## Requirement
What are the lines from the top of the entries below through the line containing "当盘点单仓库锁盘时,再增加该"? Return them exactly, both ends included, without the pictures.

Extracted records
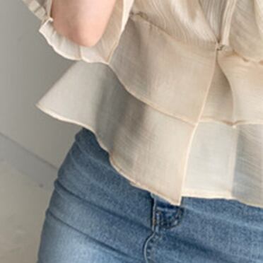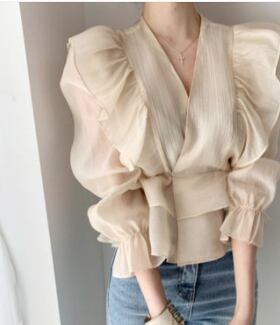 Vネックシフォンシャツ 人気デザイン トップス ブラウス フェミニン アプリコット ショート丈 袖あり 半袖 Vネック スリム 細身 タイト フリル 外国デザイン 乙女 大人女子 透け感 シースルー 大人女子 大人 上品 おしゃれ きれいめ シンプル エレガント レトロ レトロ風 こなれ感 ラフ 個性的 デザイン 主役級 存在感 無地 ライン 春 スプリング 20代 30代 40代 レディース 女性用 オフィス ビジネス OL デート お出かけ 女子会 着回し 普段使い トレンド ファッション コーデ
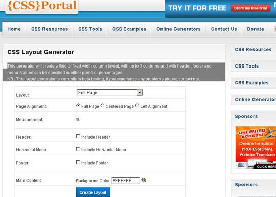 CSS Layout Generator – CSS Portal
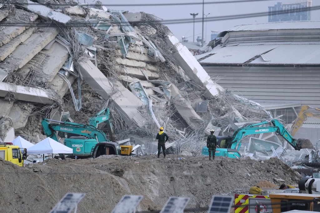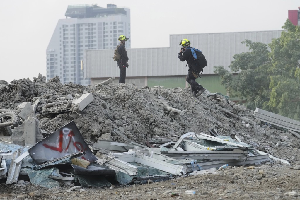 ▲搜尋人員繼續在倒塌大樓現場搜救。美聯社
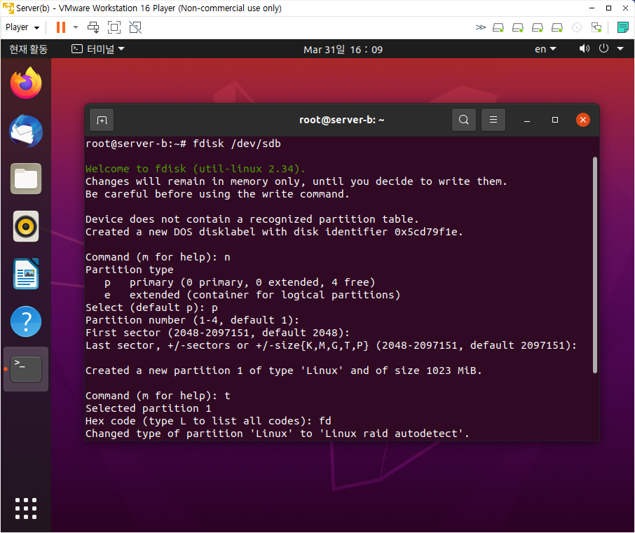 새로 생성된 하드디스크의 이름을 확인했으면 fdisk 명령어를 통해 각 하드디스크에 대한 파티션을 설정해준다.
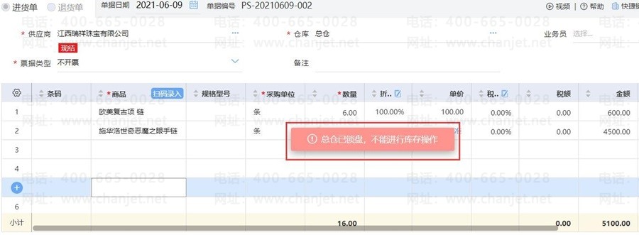 当盘点单仓库锁盘时,再增加该仓库的出入库单时,对于有审核环境的单据进行审核时进行控制但不影响正常开单,若无审核环节,将不允许保存单据。
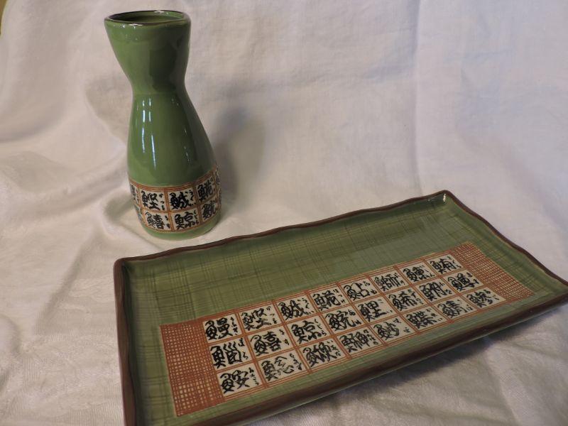 Sushi plate and Sake cup. **Please read Terms and Conditions before placing a bid. Pick up is Wednesday, September 25 from 4pm to 7pm and Saturday, September 28 from 9am to 1pm in Williamstown, NJ. All sales are final. All sales are as is, where is. Please review all photos. Any props included in photos are not included in listing. All measurements are approximate.
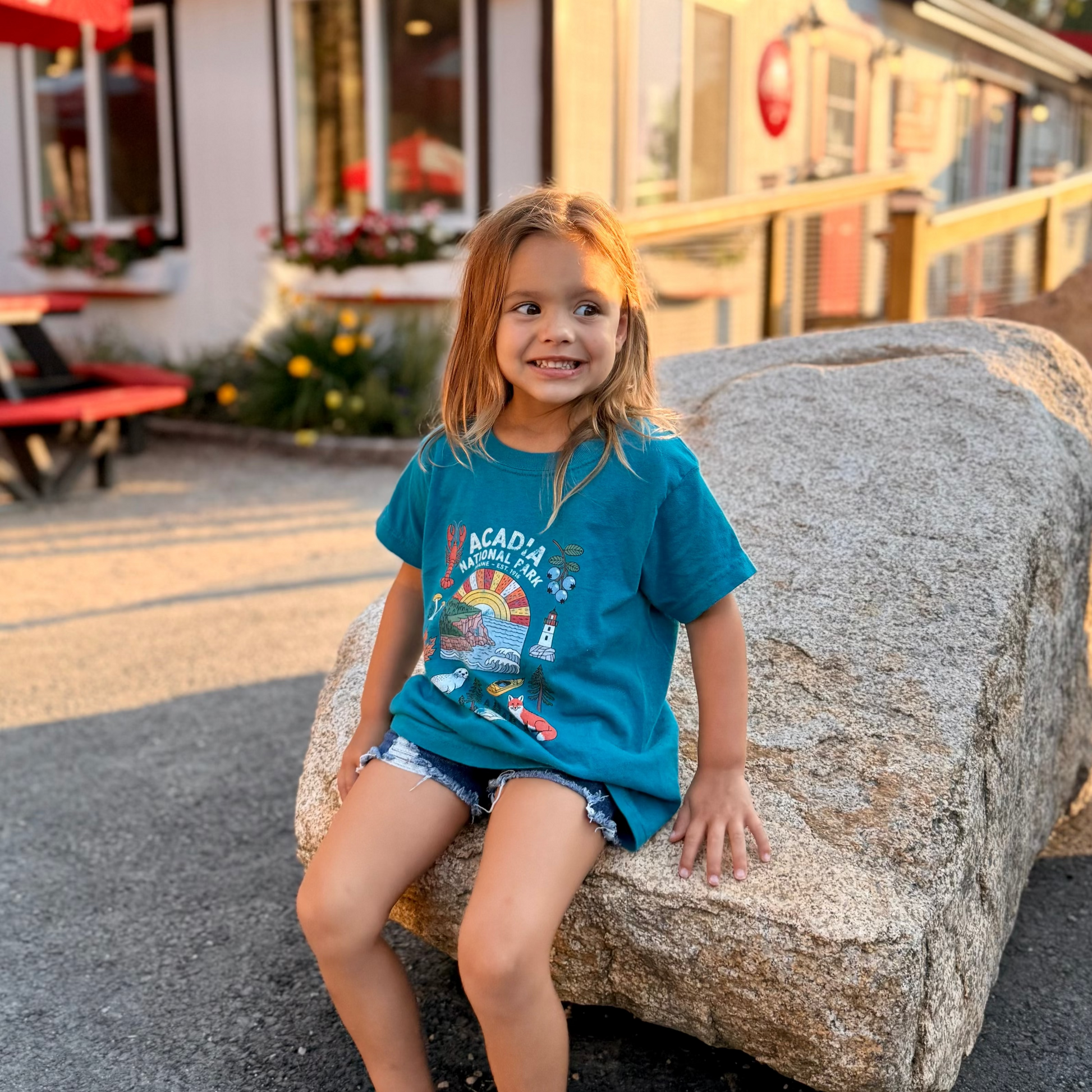 Meet the youth-sized version of our Acadia National Park and Friends Tee — made for little explorers who love big adventures. This super-soft tee features the same hand-drawn icons of Acadia’s wildlife and landmarks (hello, lobsters, lighthouses, and sunrise skies), all in vintage-style colors that capture the magic of Maine. Perfect for trail walks, tide pool hops, or tagging along on your next coastal escape.
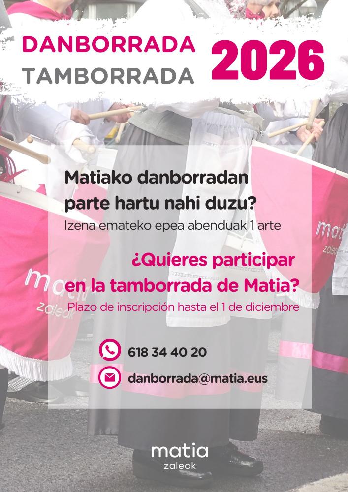 Hemos abierto el plazo de inscripción para la tamborrada MatiaZaleak de 2026.
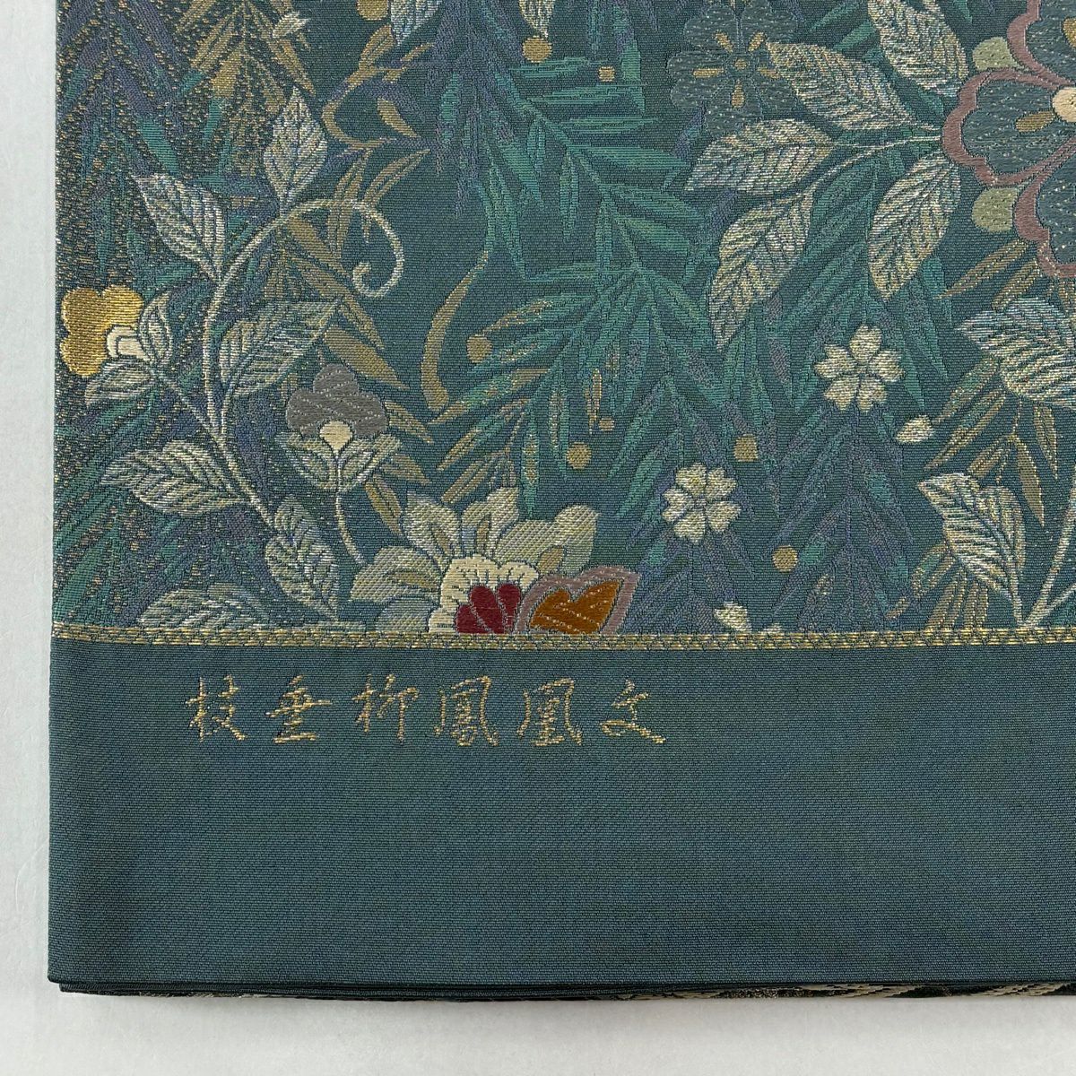 袋帯 秀品 名物裂文様集 花唐草 笹蔓 箔 金通し 灰緑 お太鼓柄 正絹

## Completed task
 Vネックシフォンシャツ 人気デザイン トップス ブラウス フェミニン アプリコット ショート丈 袖あり 半袖 Vネック スリム 細身 タイト フリル 外国デザイン 乙女 大人女子 透け感 シースルー 大人女子 大人 上品 おしゃれ きれいめ シンプル エレガント レトロ レトロ風 こなれ感 ラフ 個性的 デザイン 主役級 存在感 無地 ライン 春 スプリング 20代 30代 40代 レディース 女性用 オフィス ビジネス OL デート お出かけ 女子会 着回し 普段使い トレンド ファッション コーデ
 CSS Layout Generator – CSS Portal
 ▲搜尋人員繼續在倒塌大樓現場搜救。美聯社
 새로 생성된 하드디스크의 이름을 확인했으면 fdisk 명령어를 통해 각 하드디스크에 대한 파티션을 설정해준다.
 当盘点单仓库锁盘时,再增加该仓库的出入库单时,对于有审核环境的单据进行审核时进行控制但不影响正常开单,若无审核环节,将不允许保存单据。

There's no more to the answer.